Communication between nodes and PODS

After some simple testing, we found that the issue was actually a communication issue between API Server and Metrics Server Pod. In the Ali Cloud K8s cluster environment, API Server uses the host network, namely the ECS network, while Metrics Server uses the Pod network. The communication between the two depends on VPC routing table forwarding.

For example, if the API Server is running on Node A, its IP address is 192.168.0.193. If the IP address of the Metrics Server is 172.16.1.12, the network connection from the API Server to the Metrics Server must be forwarded by routing rule 2 in the VPC routing table.

In the VPC routing table of the cluster, the routing entry pointing to the node where the Metrics Server resides is missing. Therefore, the communication between the API Server and the Metrics Server fails.

Why isn’t Route Controller working?

In order to maintain the correctness of cluster VPC routing entries, Ali Cloud implements Route Controller in Cloud Controller Manager. This Controller monitors cluster node status and VPC routing table status at all times. When a route entry is found missing, it automatically fills in the missing route entry.

The current situation, obviously not as expected, Route Controller is clearly not working properly. This can be confirmed by viewing the Cloud Controller Manager logs. In the log, we found that the Route Controller could not obtain the information of the VPC instance when it used the CLUSTER VPC ID to search for the instance.

But the cluster is still there, the ECS is still there, so the VPC can’t be gone. This can be confirmed on the VPC console through the VPC ID. Then the following question is why Cloud Controller Manager cannot obtain the information of this VPC?

Cluster nodes access cloud resources

Cloud Controller Manager Obtains VPC information through the Ali Cloud open API. This is basically equivalent to obtaining information about a VPC instance from inside an ECS in the cloud, which requires the ECS to have sufficient permissions. The current practice is to grant the RAM role to the ECS server and authorize the corresponding ROLE to the corresponding RAM role binding.

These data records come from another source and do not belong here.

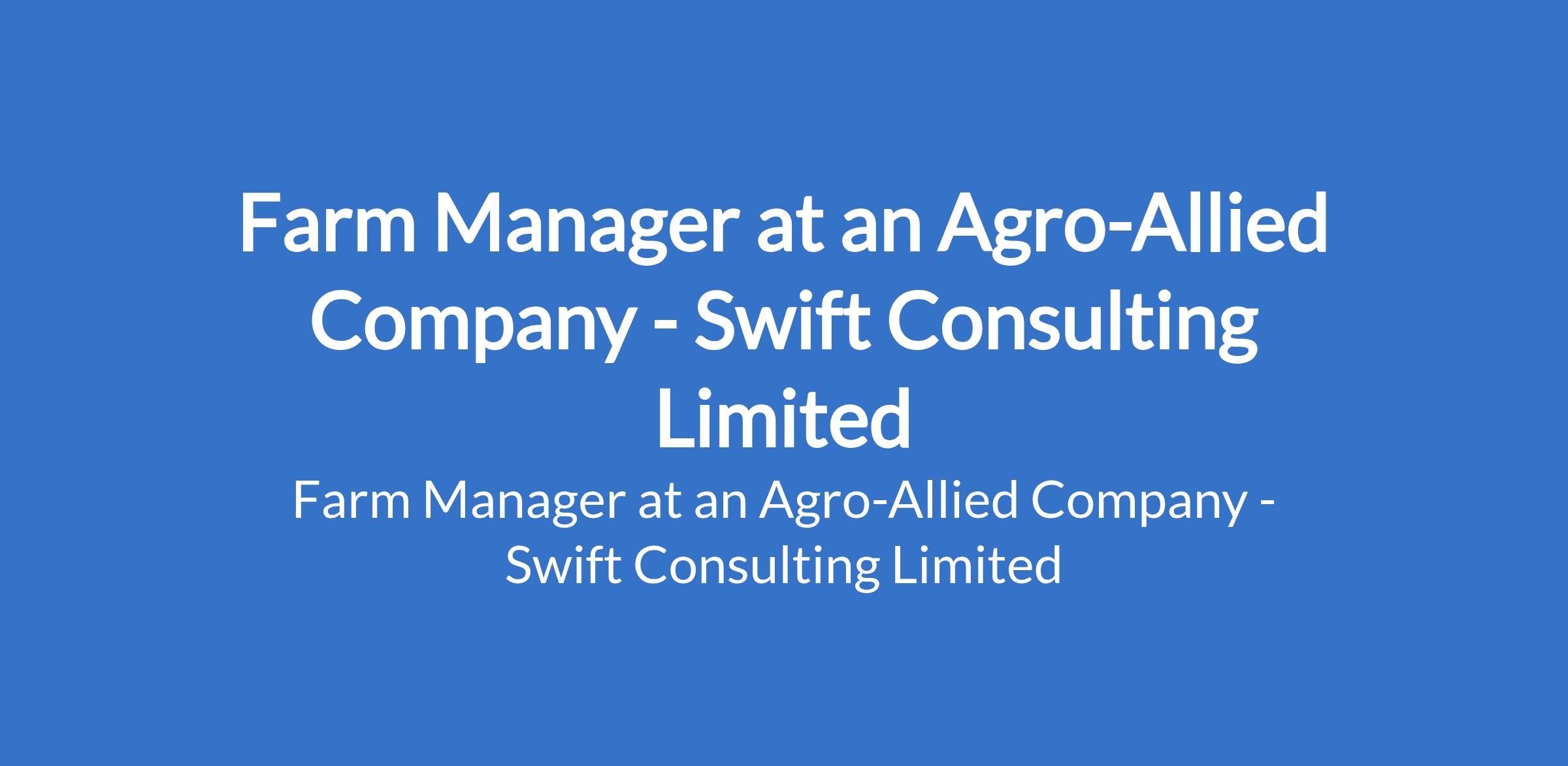 Swift Consulting Limited is recruiting to fill the position of: Farm Manager. The position is located in Accra, Ghana. Interested candidates should possess a Bachelors Degree / HND in Agriculture, Animal Science, or related field with 35 years experience managing a poultry farm (layers or broilers).
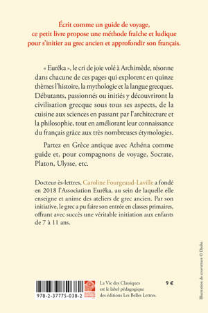 « Eurêka », le cri de joie volé à Archimède, résonne dans chacune de ces pages qui explorent en quinze thèmes l’histoire, la mythologie et la langue grecques. Débutants, passionnés ou initiés y découvriront la civilisation grecque sous tous ses aspects, de la cuisine aux sciences en passant par l’architecture et la philosophie, tout en améliorant leur connaissance du français grâce aux très nombreuses étymologies.
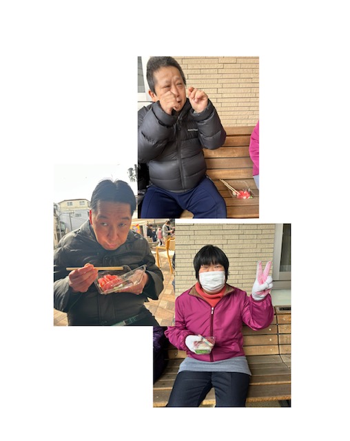 本日はマグロ解体ショーをする、ということで平成福島苑さまにお呼ばれし、職員・利用者19名で行ってきました~!(^^)!中央卸売市場から職人さんが来られ、持ってきていただいたマグロの方は、宮崎県日南の30㎏のキハダマグロ、お値段30万円とのこと!!拍手!!!!200人前くらいにはなるそうな。寒空の下おこなわれたマグロの解体ショーですが、寒いということは正にマグロが旬な証拠。新鮮なキハダマグロをお寿司にしてもらい、皆でいただきました。ネットリとした触感でとても美味しかったです。平成福島苑の皆様ありがとうございました。
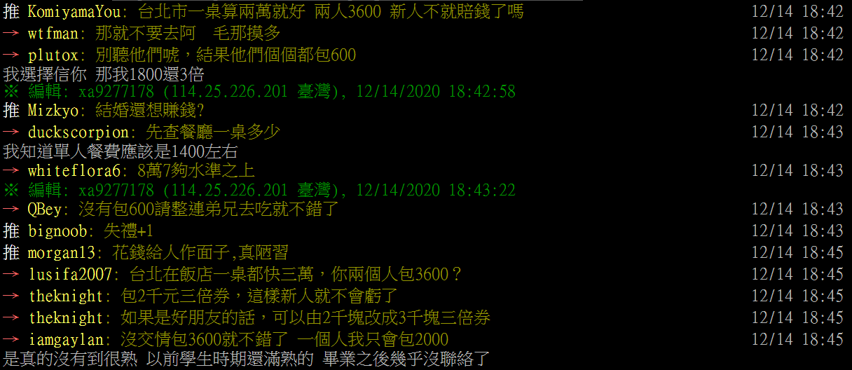 原PO在《批踢踢實業坊》中說到,他準備要攜伴去參加另一位朋友辦在台北的婚禮,原本想說兩個人一起包個3600元應該差不多,沒想到其他友人紛紛表示3600元只夠一個人去,令他相當震驚。原PO更表示,在他年輕的時候1個人包3600元的紅包是「超好的朋友」才有的待遇,現在竟然已經是低標,讓他在文末傻眼的說到:「還是經濟起飛太久我沒跟上?」
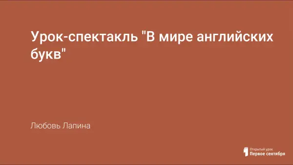 Урок-спектакль проводится на начальном этапе обучения английского языка, когда выучены все буквы алфавита. Обучающиеся с большим интересом учат стихи и песни, инсценируют сказки, готовят костюмы и рисуют буквы. Зал украшен буквами английского алфавита, детскими рисунками.
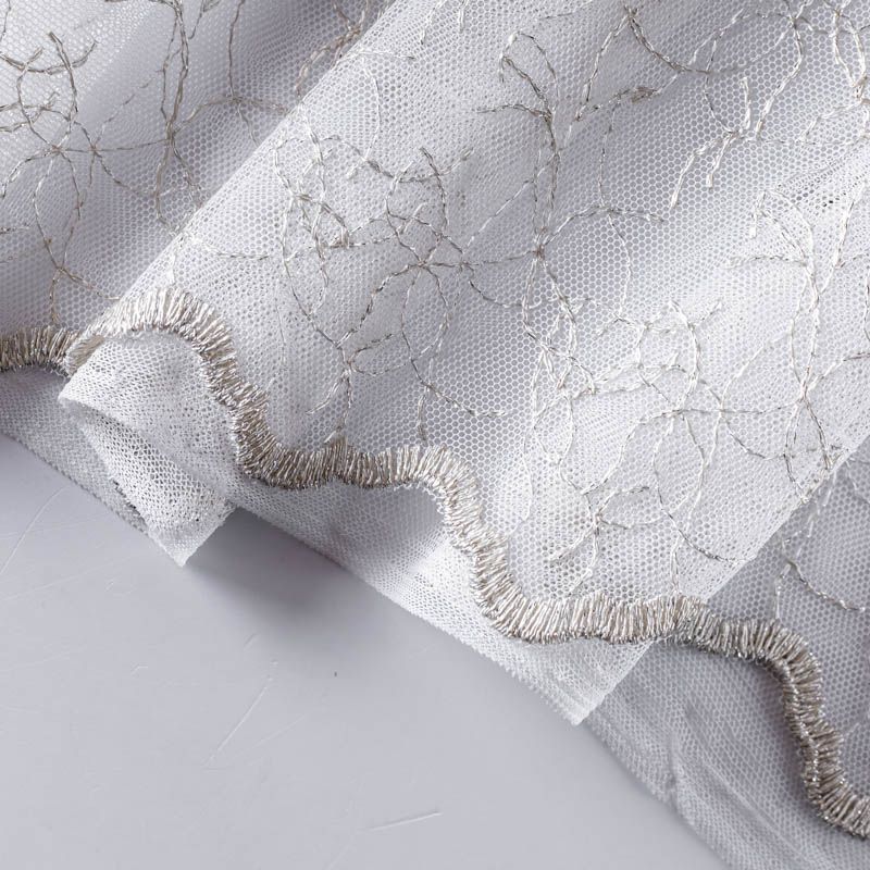 Сетка с вышивкой – это роскошный элемент дизайна, который преобразит любое помещение. Она отлично пропускает воздух, поэтому быстро сохнет после стирки. Прочная, ткань прослужит долго. Выдерживает большое количество стирок. Легкая, фактура ткани практически невесома, поэтому можно не опасаясь крепить ее даже на самый тонкий карниз. Вышивка в виде стилизованной паутинки расположена по всей высоте ткани, нижний край без утяжелителя, фигурный.
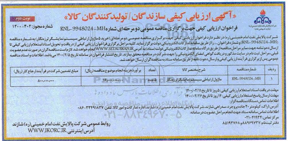 شرکت پالایش نفت امام خمینی (ره) شازند در نظر دارد فراخوان ارزیابی کیفی جهت برگزاری مناقصه عمومی دو مرحله ای (خرید 5 ماژول ارتباطی سیستم نمایشگر لرزه نگار) به شماره مناقصه (شماره RNL - 9948024 - MH) و شماره فراخوان ... را از طریق سامانه تدارکات الکترونیکی دولت برگزار نماید. کلیه مراحل برگزاری فراخوان ارزیابی کیفی از دریافت و تحویل اسناد استعلام ارزیابی کیفی تا ارسال دعوتنامه جهت سایر مراحل مناقصه از طریق درگاه سامانه تدارکات الکترونیکی دولت ستاد به آدرس ستاد ایران انجام خواهد شد. لازم است مناقصه گران در صورت عدم عضویت قبلی مراحل ثبت نام در سایت مذکور و دریافت گواهی امضای الکترونیکی را جهت شرکت در مناقصه محقق سازند. تاریخ انتشار فراخوان در سامانه تاریخ 1400.2.5 می باشد. اطلاعات و اسناد مناقصه عمومی پس از برگزاری فرآیند ارزیابی کیفی و ارسال دعوتنامه از طریق سامانه ستاد به مناقصه گران ارسال خواهد شد.
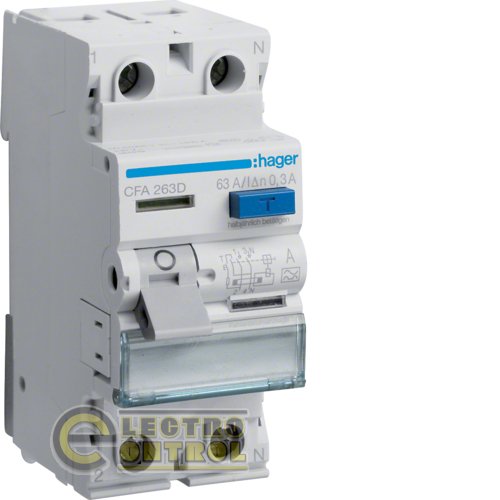 Пристрій захисного відключення (ПЗВ) Hager CFA263D 2P 6kA 63A 300mA A
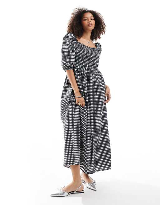 ASOS DESIGN – Czarna sukienka maxi z bufkami w kratkę vichy
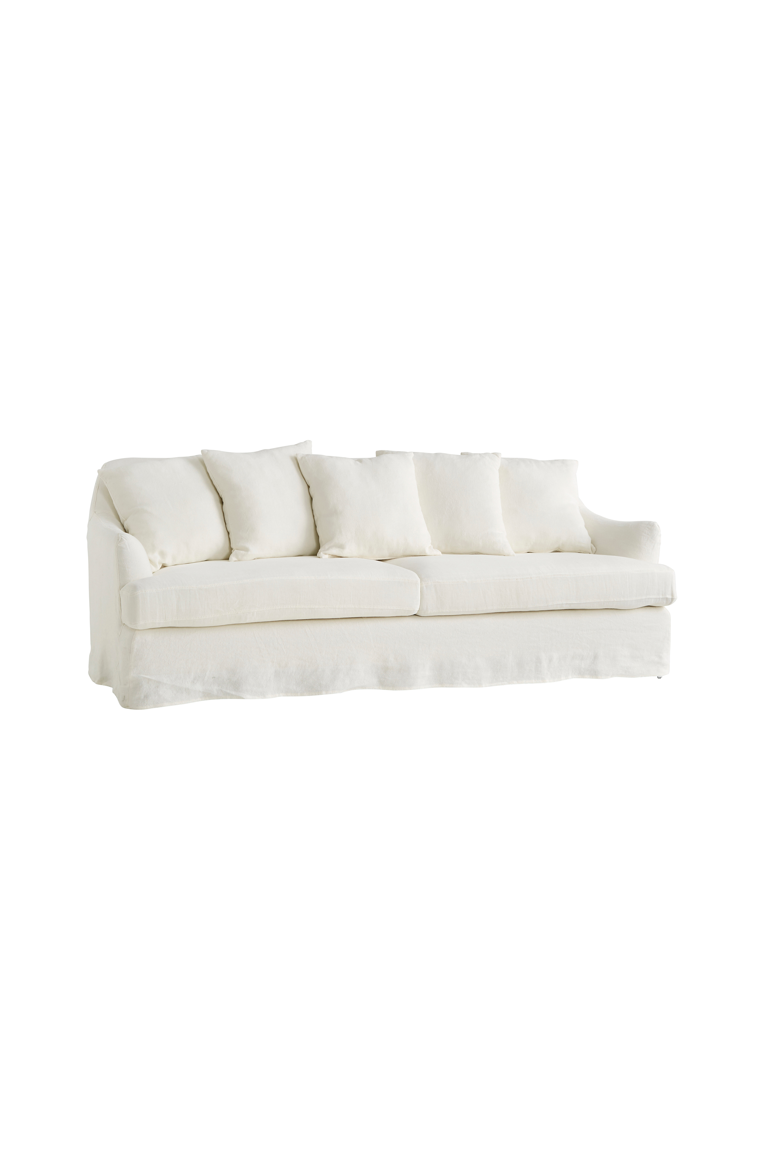 Romanttinen sohva, jossa pyöristetyt muodot ja 5 selkätyynyä. Päällinen 100% pellavaa. Päällinen on irrotettava ja kestää vesipesun 40 asteessa. Runko vaneria ja massiivimäntyä. Istuinpehmusteiden ja tyynyjen täyte polyuretaanivaahtoa ja kuitua. Metallijalat. Mitat: Leveys 210 cm, korkeus 77 cm, syvyys 86 cm. Istuinkorkeus 43 cm, istuinleveys 177 cm, istuinsyvyys 60 cm. Jalkojen korkeus 11 cm.
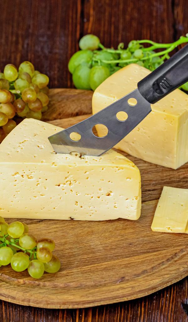 Wallpaper A piece of hard cheese on a table with a knife and white grapes

If a cluster component, as the node on which it resides, cannot obtain information about a cloud resource, there are basically two possibilities. One is that ECS is not bound to the correct RAM role; Second, RAM role authorization bound by RAM role does not define correct authorization rules. Examining the RAM role of the node and the authorization managed by the RAM role, we find that the authorization policy for the VPC has been changed.

When Effect is changed to Allow, soon all Terminating namespaces are gone.

A larger problem

Overall, this problem relates to six components of the K8s cluster, namely API Server and its extensions Metrics Server, Namespace Controller and Route Controller, And VPC routing table and RAM role authorization.

By analyzing the behavior of the first three components, we found that a cluster network problem caused the API Server to fail to connect to the Metrics Server. The root cause of the problem is that the VPC routing table is deleted and the RAM role authorization policy is changed.

Afterword.

The Namespace of the K8s cluster cannot be deleted. This problem may seem innocuous, but it is not only complex, but also represents a loss of important functionality for the cluster. This article has a comprehensive analysis of such a problem, including the investigation method and principle, hoping to have certain help for everyone to troubleshoot similar problems.

“Alibaba Cloud originators pay close attention to technical fields such as microservice, Serverless, container and Service Mesh, focus on cloud native popular technology trends and large-scale implementation of cloud native, and become the technical circle that knows most about cloud native developers.”